- PROBLEM DETAILS
A precise copy of the data is required, with every picture left out.

- RECORDED DATA
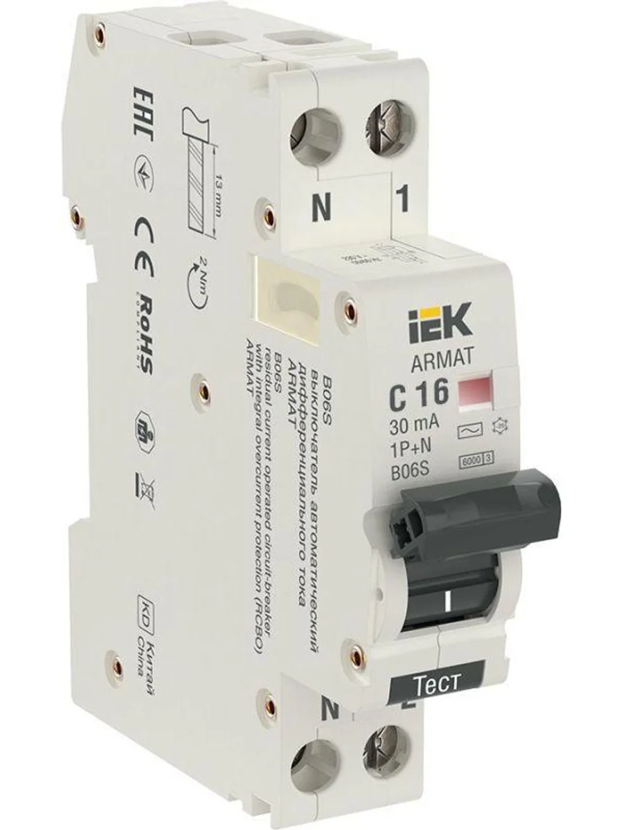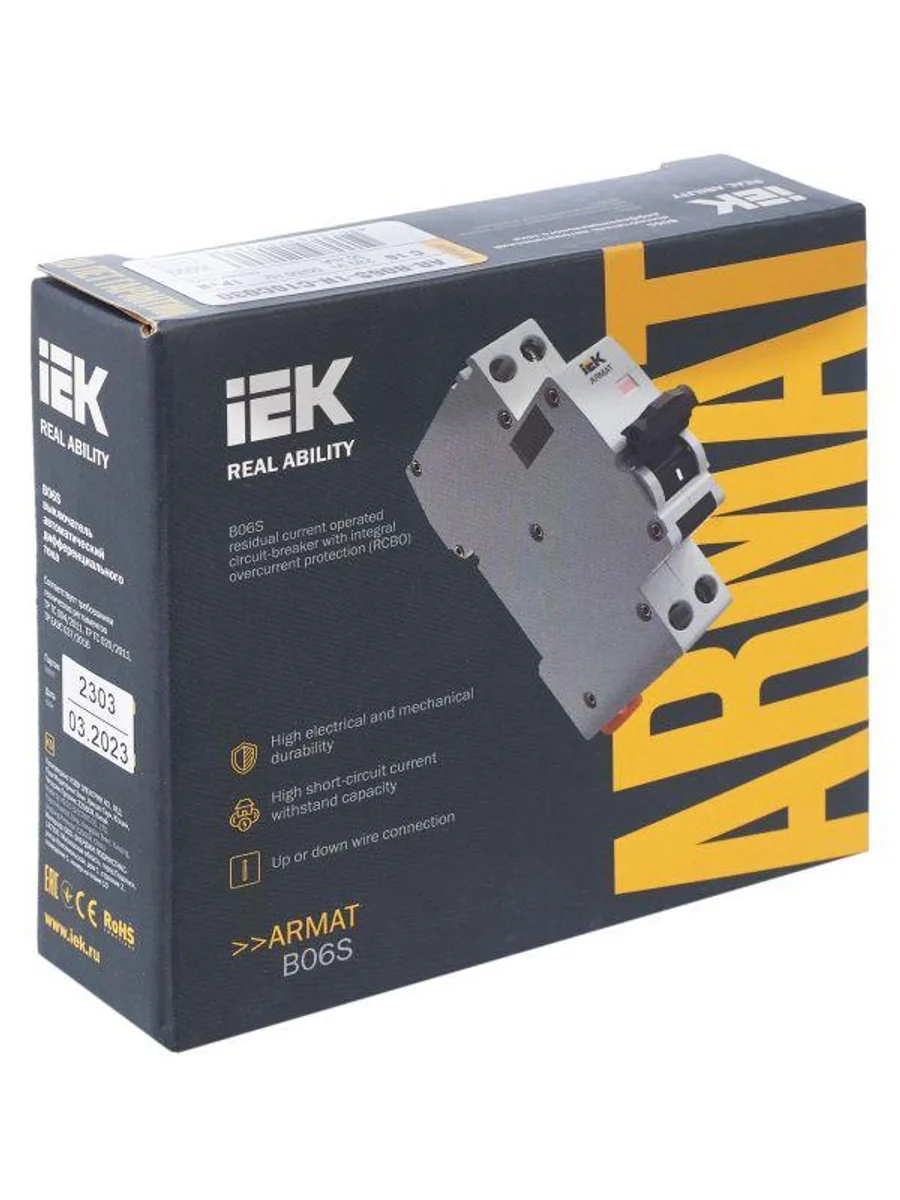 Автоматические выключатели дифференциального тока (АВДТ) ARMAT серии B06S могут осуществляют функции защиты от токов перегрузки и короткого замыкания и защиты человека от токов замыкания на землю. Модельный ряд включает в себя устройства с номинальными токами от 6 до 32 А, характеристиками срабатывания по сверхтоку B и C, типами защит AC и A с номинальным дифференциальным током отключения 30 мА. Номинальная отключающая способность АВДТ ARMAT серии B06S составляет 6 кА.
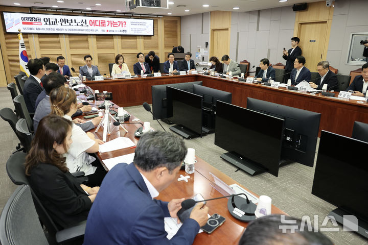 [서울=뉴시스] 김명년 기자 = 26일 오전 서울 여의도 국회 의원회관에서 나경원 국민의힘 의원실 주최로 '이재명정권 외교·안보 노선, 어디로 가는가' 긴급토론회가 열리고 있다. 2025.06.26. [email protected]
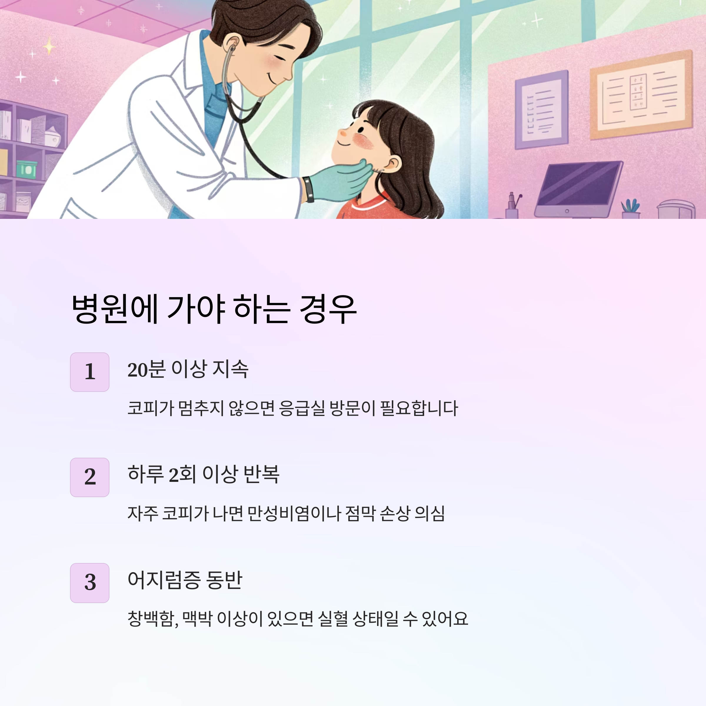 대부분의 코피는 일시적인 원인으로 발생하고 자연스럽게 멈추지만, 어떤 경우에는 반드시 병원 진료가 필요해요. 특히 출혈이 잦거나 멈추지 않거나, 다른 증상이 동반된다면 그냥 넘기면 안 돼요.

- SOLUTION TO THE PROBLEM
 Автоматические выключатели дифференциального тока (АВДТ) ARMAT серии B06S могут осуществляют функции защиты от токов перегрузки и короткого замыкания и защиты человека от токов замыкания на землю. Модельный ряд включает в себя устройства с номинальными токами от 6 до 32 А, характеристиками срабатывания по сверхтоку B и C, типами защит AC и A с номинальным дифференциальным током отключения 30 мА. Номинальная отключающая способность АВДТ ARMAT серии B06S составляет 6 кА.
 [서울=뉴시스] 김명년 기자 = 26일 오전 서울 여의도 국회 의원회관에서 나경원 국민의힘 의원실 주최로 '이재명정권 외교·안보 노선, 어디로 가는가' 긴급토론회가 열리고 있다. 2025.06.26. [email protected]
 대부분의 코피는 일시적인 원인으로 발생하고 자연스럽게 멈추지만, 어떤 경우에는 반드시 병원 진료가 필요해요. 특히 출혈이 잦거나 멈추지 않거나, 다른 증상이 동반된다면 그냥 넘기면 안 돼요.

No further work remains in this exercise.